START Data for analysis

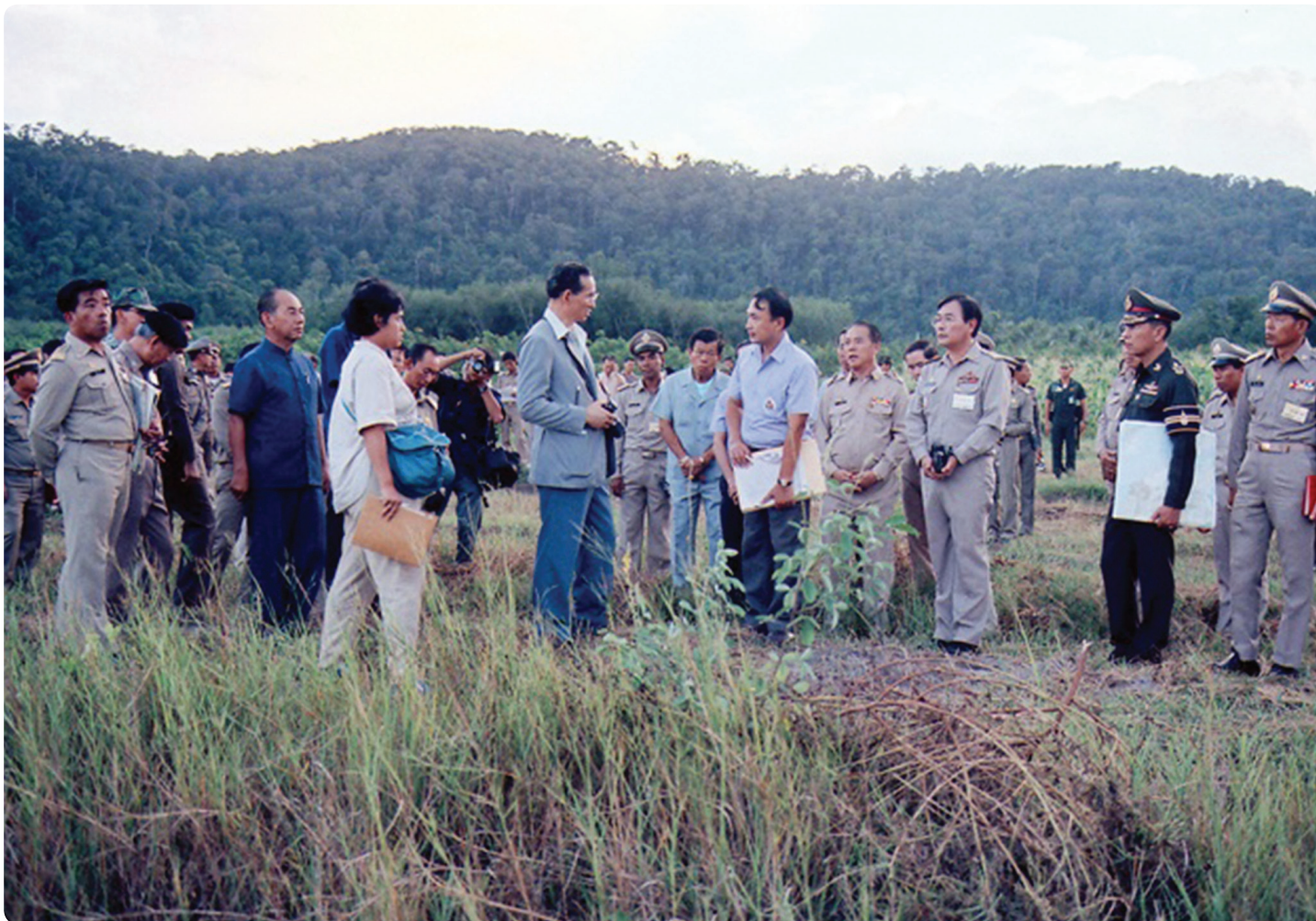
พระบาทสมเด็จพระมหาภูมิพลอดุลยเดชมหาราช บรมนาถบพิตร พร้อมด้วยสมเด็จพระกนิษฐาธิราชเจ้า กรมสมเด็จพระเทพรัตนราชสุดาฯ สยามบรมราชกุมารี เสด็จพระราชดำเนินทรงติดตามการดำเนินงานของศูนย์ศึกษาการพัฒนาห้วยฮ่องไคร้อันเนื่องมาจากพระราชดำริ อำเภอดอยสะเก็ด จังหวัดเชียงใหม่
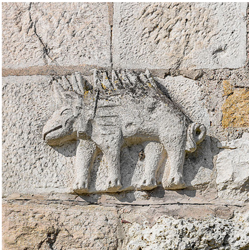
Détail d'un porc-épic.
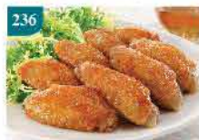
236 雞中翼(香辣) 1磅/約10-12隻
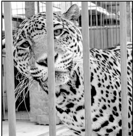
Los animales eran mantenidos de forma irregular en un inmueble.

Dos guacamayas verdes, tres pericos, un jaguar negro, un jaguar amarillo y un mapache fueron recuperados y trasladados a
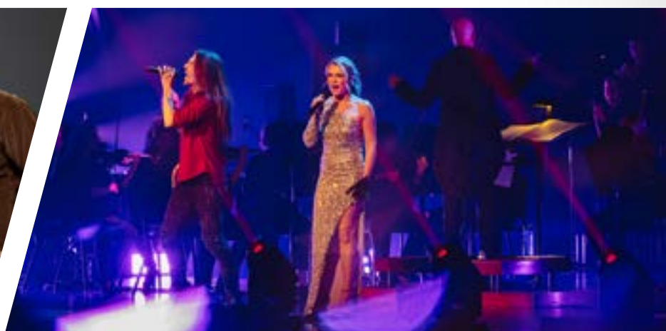
Queen Symphonic
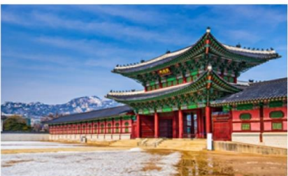
พระราชวังชางด็อกกุง
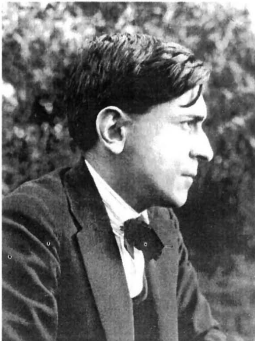
José Carlos Mariátegui

En diferentes oportunidades, Jorge Basadre fue enfático en señalar que 7 Ensayos de Interpretación de la Realidad Peruana de José Carlos Mariátegui tiene un antecedente directo en el libro que Francisco García Calderón escribió en francés y publicó en París, El Perú Contemporáneo . En 2007 se cumple un siglo de este libro, uno de los fundadores del pensamiento social peruano, y que se inscribe en el objetivo de renovación de los estudios peruanistas que había iniciado la generación del novecientos, luego de la derrota sufrida en la Guerra del Pacífico. Con 24 años apenas, García Calderón exhibía una prodigiosa cultura humanista, y no oculta la leal admiración que sentía por la producción intelectual francesa.
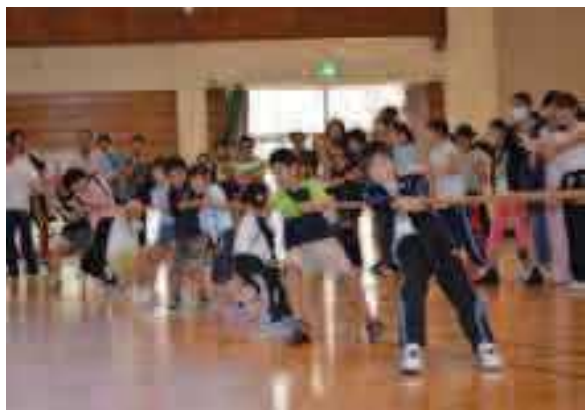
スポーツ・レクリエーション大会

END Data for analysis

• **Brief**: The lines to copy begin at the one containing "พระราชวังชางด็อกกุง" and end at the last line of the records. Set down exactly those lines and no others, both ends included, and omit all pictures.

• **Final answer**:
พระราชวังชางด็อกกุง
José Carlos Mariátegui

En diferentes oportunidades, Jorge Basadre fue enfático en señalar que 7 Ensayos de Interpretación de la Realidad Peruana de José Carlos Mariátegui tiene un antecedente directo en el libro que Francisco García Calderón escribió en francés y publicó en París, El Perú Contemporáneo . En 2007 se cumple un siglo de este libro, uno de los fundadores del pensamiento social peruano, y que se inscribe en el objetivo de renovación de los estudios peruanistas que había iniciado la generación del novecientos, luego de la derrota sufrida en la Guerra del Pacífico. Con 24 años apenas, García Calderón exhibía una prodigiosa cultura humanista, y no oculta la leal admiración que sentía por la producción intelectual francesa.
スポーツ・レクリエーション大会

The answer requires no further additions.